# TWAS FUSION analysis

This notebook implements a TWAS analysis workflow using the FUSION software.

## Aim

The aim of this pipeline is to build a prediction model for gene expression using cis-SNPs by obtaining "weights" from multiple regression of gene expression levels on SNP genotypes. The weights can then be combined with the GWAS data to test for association between predicted gene expression and GWAS phenotypes.
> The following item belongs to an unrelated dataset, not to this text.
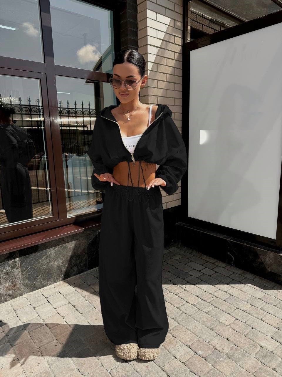 Костюм оверсайз (Худи на молнии и штаны-палаццо) двухнитка черный

Either GWAS summary statistics or GWAS genotype + phenotype data can be used for the association testing. 

## Overview

__Objective__: 
    To Compute the association between expression and SNP for TWAS analysis.

__Background__:
    SNP can modulate the functional phenotypes both directly and by modulating the expression levels of genes. 
Therefore, the integration of expression measurements and a larger scale GWAS summary association statistics will help identify the genes associated with the targeted complex traits. 

__Significance__:
    By applying this method, new candidate genes whose expression level is significantly associated with complex traits can be used in prediction without actually going through the expensive gene expression measurement process. As a relatively small set of gene expression and genotyping, data can be used to impute the expression for a much larger set of phenotyped individuals from their SNP genotype data. 

__Method__:
    The imputed expression can then be viewed as a linear model of genotypes with _weights based on the correlation between SNPs and gene expression__ in the training data while accounting for linkage disequilibrium (LD) SNPs. We then correlated the imputed gene expression to the trait to perform a transcriptome-wide association study (TWAS) and identify significant expression-trait associations. 
 
The weights are computed via various models: blup, bslmm, lasso,top1, and enet. BLUP(best linear unbiased predictors)/bslmm(Bayesian linear mixed model) are conducted using gemma, lasso using plink, and enet (elastic net) using cv.glmnet function in R.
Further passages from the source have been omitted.